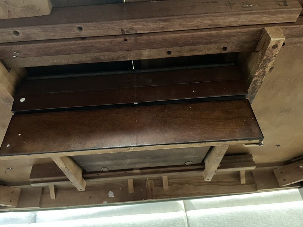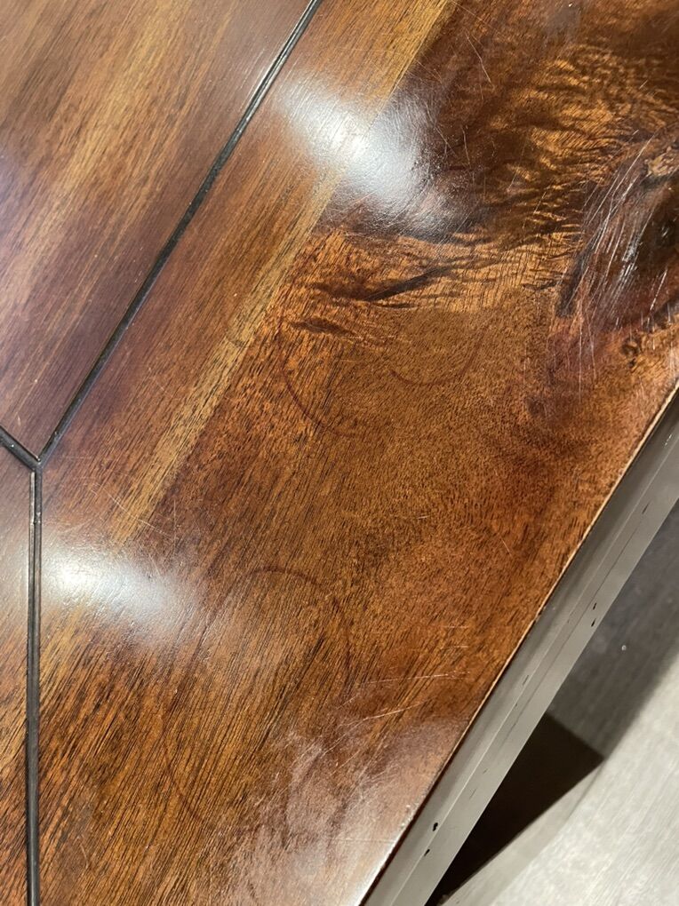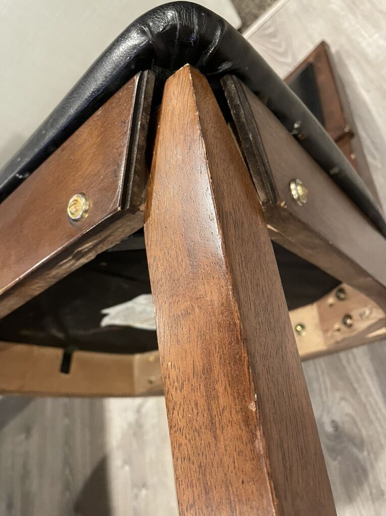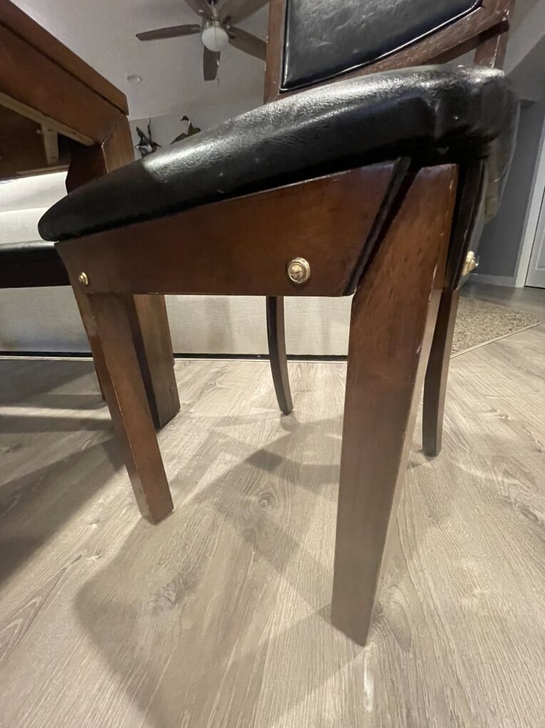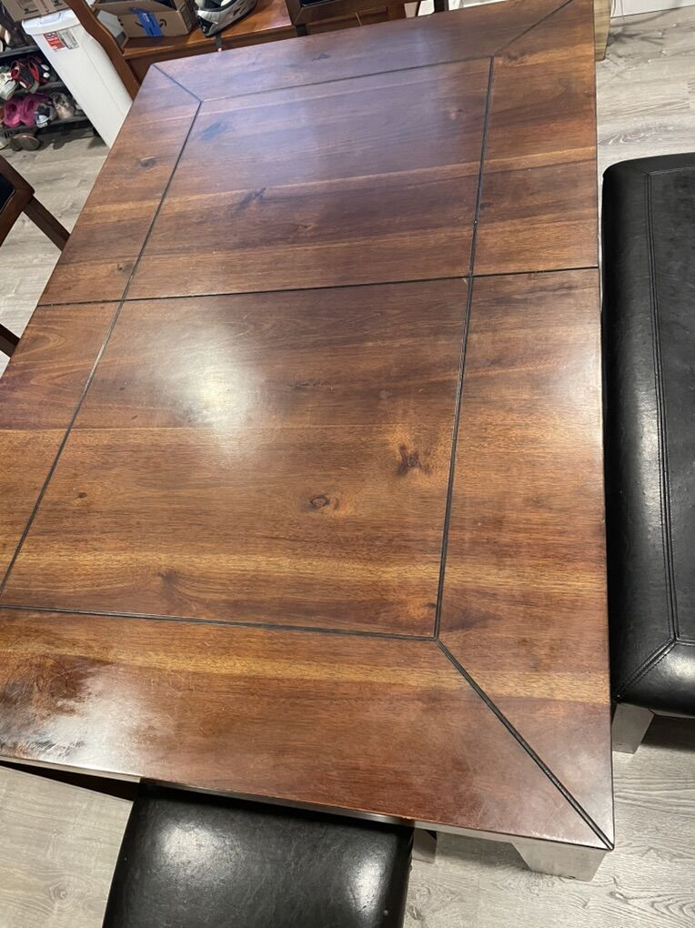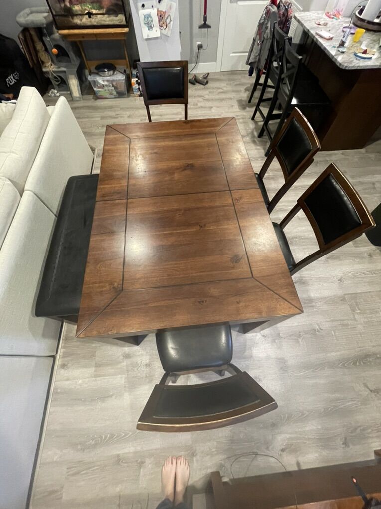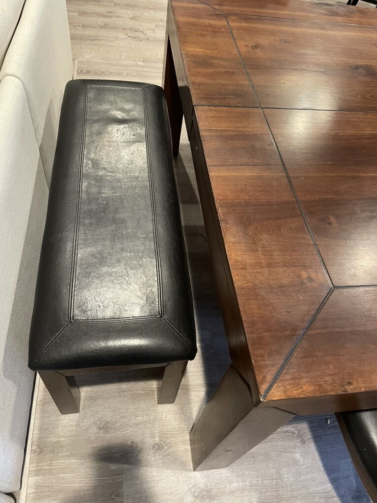 VenmoSolid wood, in decent shape, 1 chair has a wobbly leg could probably be fixed but is still usable, another chair the previous owners fixed a leg but it still works(shown in picture). Faded smiley face where my toddler drew (shown in picture). The bench does slide under the table if you want. There is a leaf underneath, I’ve never used it I have no idea how.
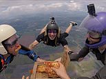 A pizza the action! Skydivers tuck into slices of margherita as they freefall towards the ground from 14,000 feet
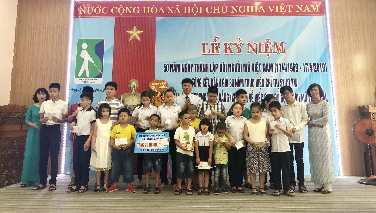 Dịp này, hội trao 31 kỷ niệm chương “Vì sự nghiệp người mù” cho các cá nhân, tổ chức có nhiều đóng cho sự phát triển của hội trong thời gian qua. Ngoài ra, trao 30 suất học bổng, tổng trị giá 13 triệu cho 30 học sinh, sinh viên mù có hoàn cảnh khó khăn.

____________________

The data must be printed exactly, image-free.

 VenmoSolid wood, in decent shape, 1 chair has a wobbly leg could probably be fixed but is still usable, another chair the previous owners fixed a leg but it still works(shown in picture). Faded smiley face where my toddler drew (shown in picture). The bench does slide under the table if you want. There is a leaf underneath, I’ve never used it I have no idea how.
 A pizza the action! Skydivers tuck into slices of margherita as they freefall towards the ground from 14,000 feet
 Dịp này, hội trao 31 kỷ niệm chương “Vì sự nghiệp người mù” cho các cá nhân, tổ chức có nhiều đóng cho sự phát triển của hội trong thời gian qua. Ngoài ra, trao 30 suất học bổng, tổng trị giá 13 triệu cho 30 học sinh, sinh viên mù có hoàn cảnh khó khăn.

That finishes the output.